- Your assignment -
Given the material below, return only the lines starting at the line with "Rak kotak penyimanan" and ending at the line with "The Rowan vase", exactly as they appear.

- The records -

──────

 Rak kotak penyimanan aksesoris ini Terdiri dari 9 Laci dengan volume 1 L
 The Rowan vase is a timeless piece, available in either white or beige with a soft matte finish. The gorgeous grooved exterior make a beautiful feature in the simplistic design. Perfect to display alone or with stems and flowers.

──────

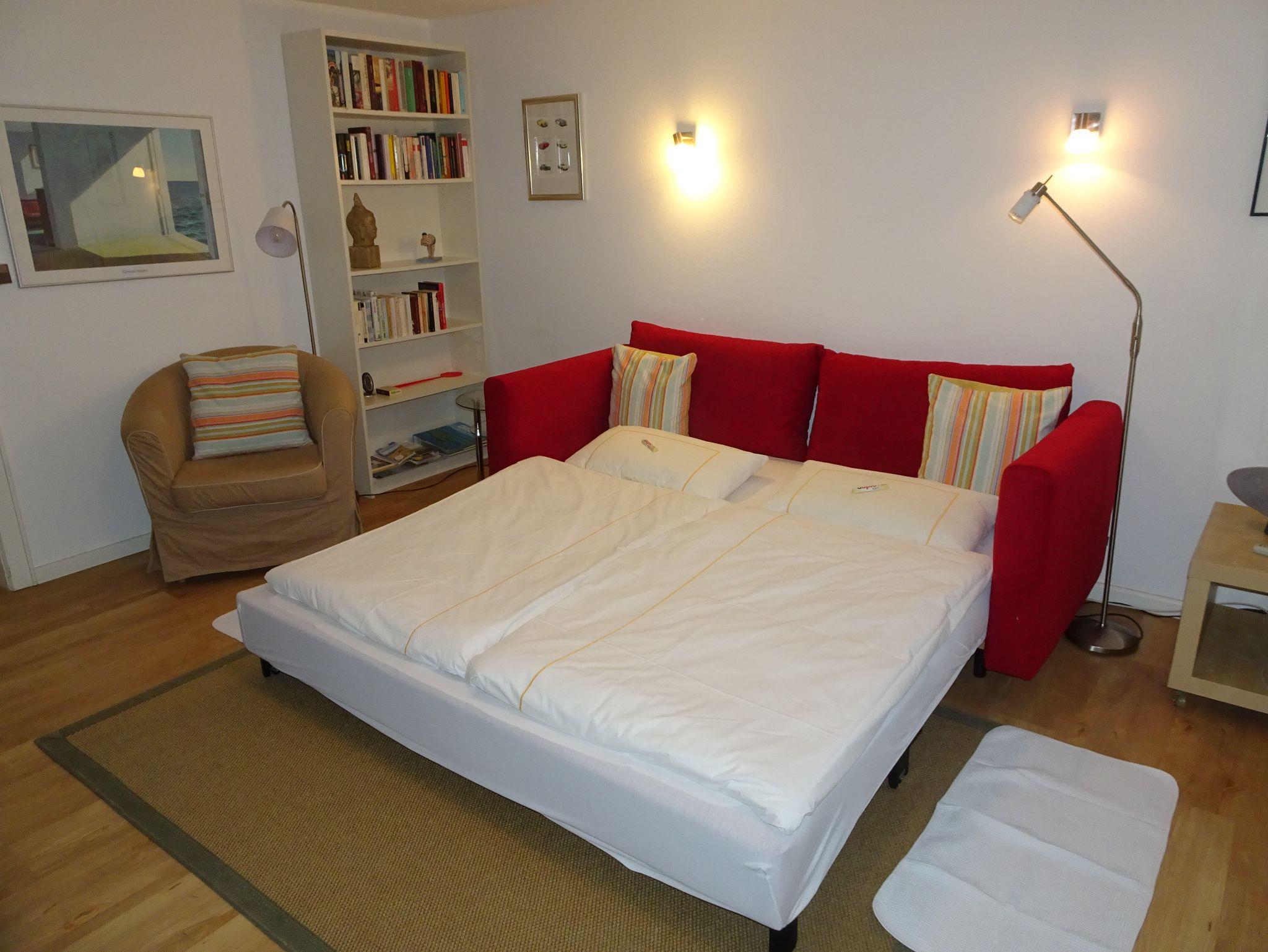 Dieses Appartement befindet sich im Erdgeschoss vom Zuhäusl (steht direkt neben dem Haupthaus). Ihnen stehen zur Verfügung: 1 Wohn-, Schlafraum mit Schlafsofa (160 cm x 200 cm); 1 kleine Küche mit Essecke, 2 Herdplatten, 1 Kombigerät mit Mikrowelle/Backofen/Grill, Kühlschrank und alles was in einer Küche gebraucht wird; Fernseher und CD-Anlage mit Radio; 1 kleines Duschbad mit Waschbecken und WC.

──────

- Answer to this exercise -
 Rak kotak penyimanan aksesoris ini Terdiri dari 9 Laci dengan volume 1 L
 The Rowan vase is a timeless piece, available in either white or beige with a soft matte finish. The gorgeous grooved exterior make a beautiful feature in the simplistic design. Perfect to display alone or with stems and flowers.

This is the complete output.